Partially isometric Toeplitz operators on the polydisc

TL;DR

This paper characterizes partially isometric Toeplitz operators on the polydisc, linking their structure to inner functions, and extends classical results with new proofs and insights into their properties like hyponormality and power partial isometry.

Contribution

It provides a complete characterization of partially isometric Toeplitz operators on the polydisc, including new proofs of classical theorems and analysis of their spectral and structural properties.

Findings

Partially isometric Toeplitz operators are characterized by inner functions depending on different variables.

Such operators are hyponormal if and only if their symbols are inner functions.

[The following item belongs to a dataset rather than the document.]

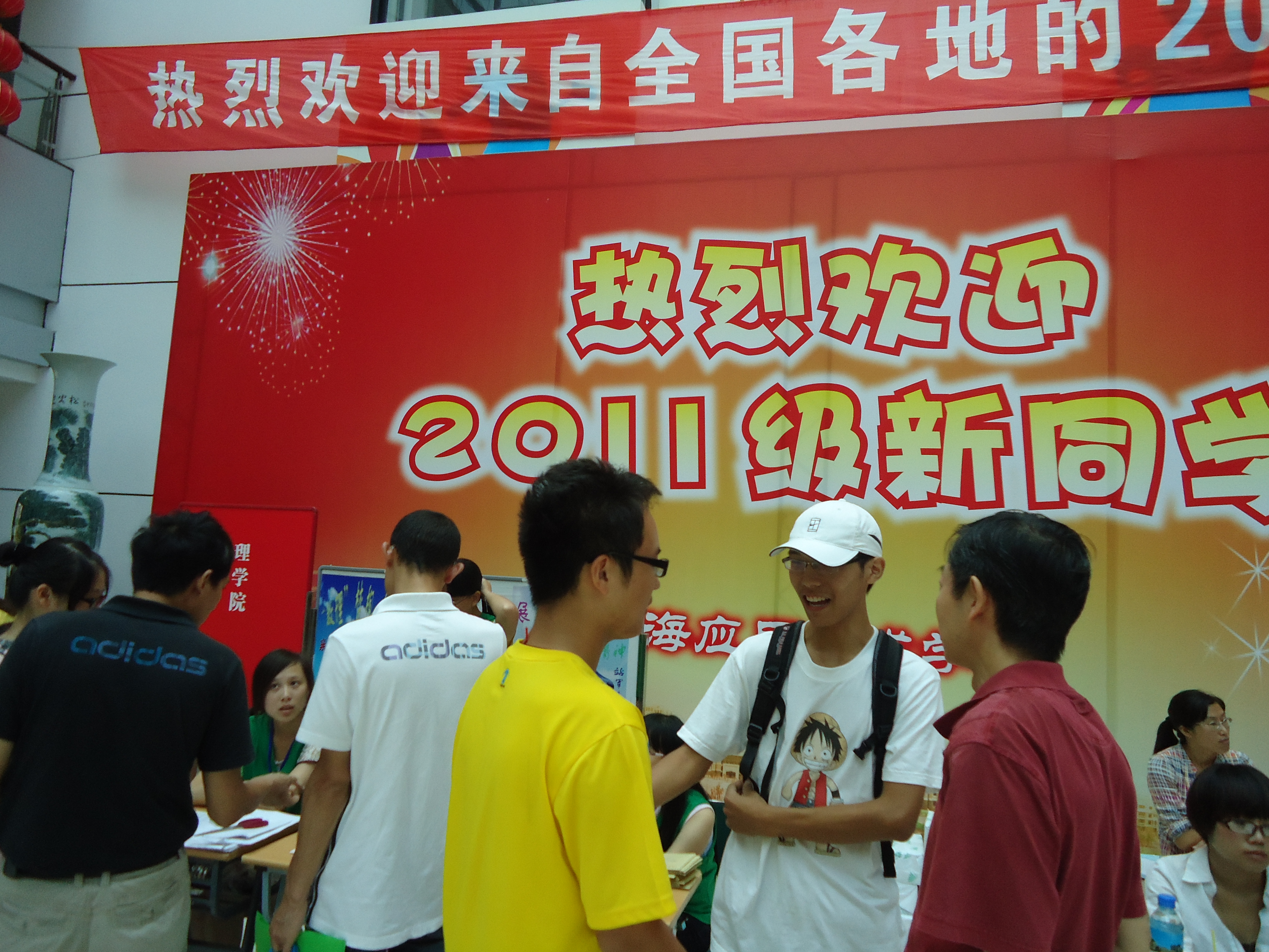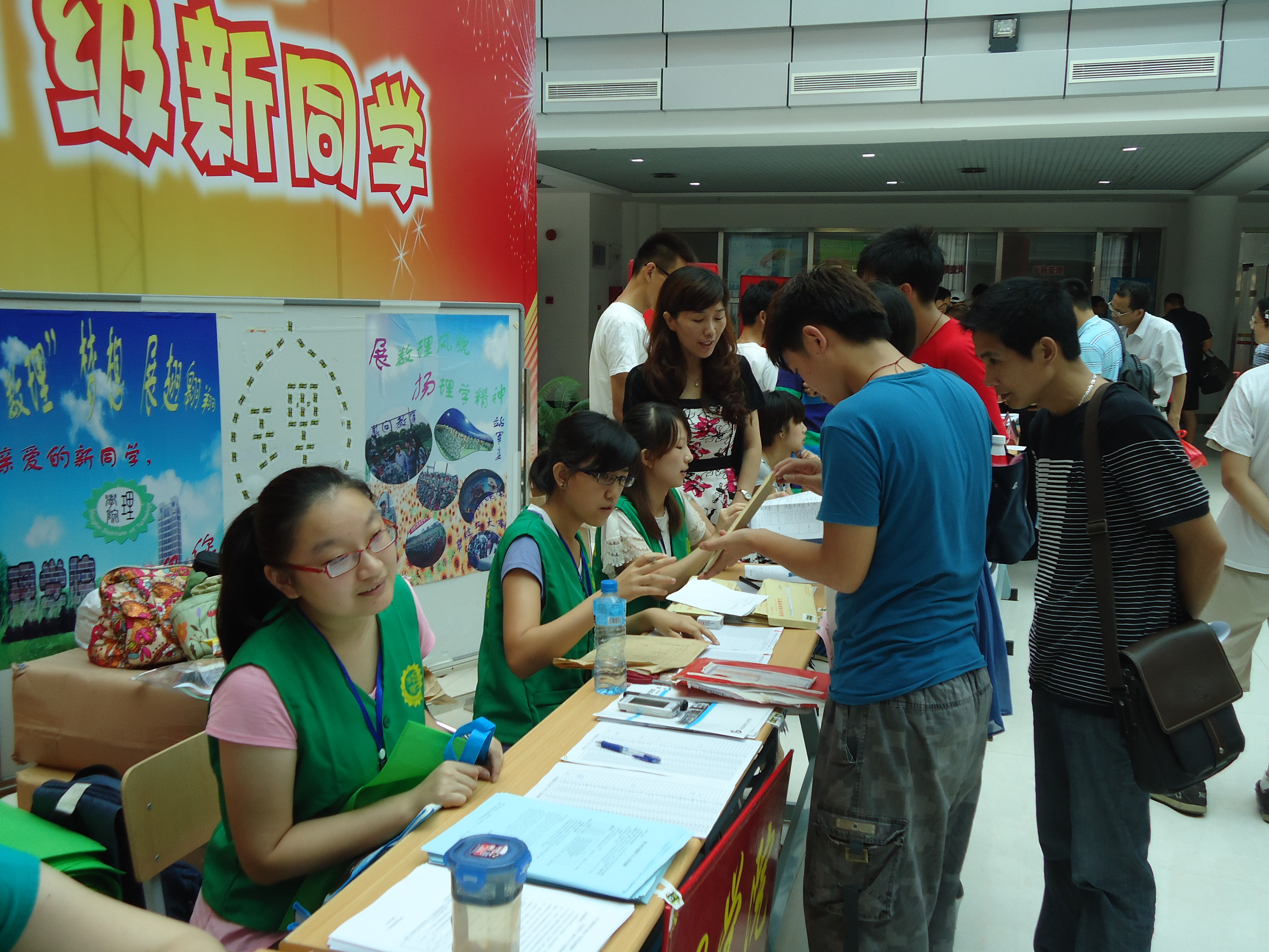 平凡的两天对理学院有着非凡的意义,它蕴含了太多的第一次:第一次开设了两个专业,分别是数学与应用数学、信息显示与光电技术;第一次新生超过七十余人,共81位来自五湖四海的朋友;第一次理学院完整了,四世同堂;第一次迎新志愿者横跨四届成员,由于本次迎新时间有些特殊,老生们都要上课,为了尽量不让学生们翘课,当天下午2个多小时里,刚报到的11级新生也体验了一把志愿者,同时也让他们面对面的认识自己的新朋友、新舍友、新同学。另外,08级的学长更是挑起了整个迎新的大梁,体现了最高一年级的担当与品质,他们也是最特殊的一届,从08年迎自己开始到毕业为止。理学院直属党支部书记王竑、院长许庆祥也来到报到现场,亲切看望慰问已报到的新生和迎新的工作人员。

They are always power partial isometries, classified as shifts, co-shifts, or sums of truncated shifts.

Abstract

A Toeplitz operator $T_\varphi$, $\varphi \in L^\infty(\mathbb{T}^n)$, is a partial isometry if and only if there exist inner functions $\varphi_1, \varphi_2 \in H^\infty(\mathbb{D}^n)$ such that $\varphi_1$ and $\varphi_2$ depends on different variables and $\varphi = \bar{\varphi}_1 \varphi_2$. In particular, for $n=1$, along with new proof, this recovers a classical theorem of Brown and Douglas. \noindent We also prove that a partially isometric Toeplitz operator is hyponormal if and only if the corresponding symbol is an inner function in $H^\infty(\mathbb{D}^n)$. Moreover, partially isometric Toeplitz operators are always power partial isometry (following Halmos and Wallen), and hence, up to unitary equivalence, a partially isometric Toeplitz operator with symbol in $L^\infty(\mathbb{T}^n)$, $n > 1$, is either a shift, or a co-shift, or a direct sum of truncated shifts. Along the way, we prove that $T_\varphi$ is a shift whenever $\varphi$ is inner in $H^\infty(\mathbb{D}^n)$.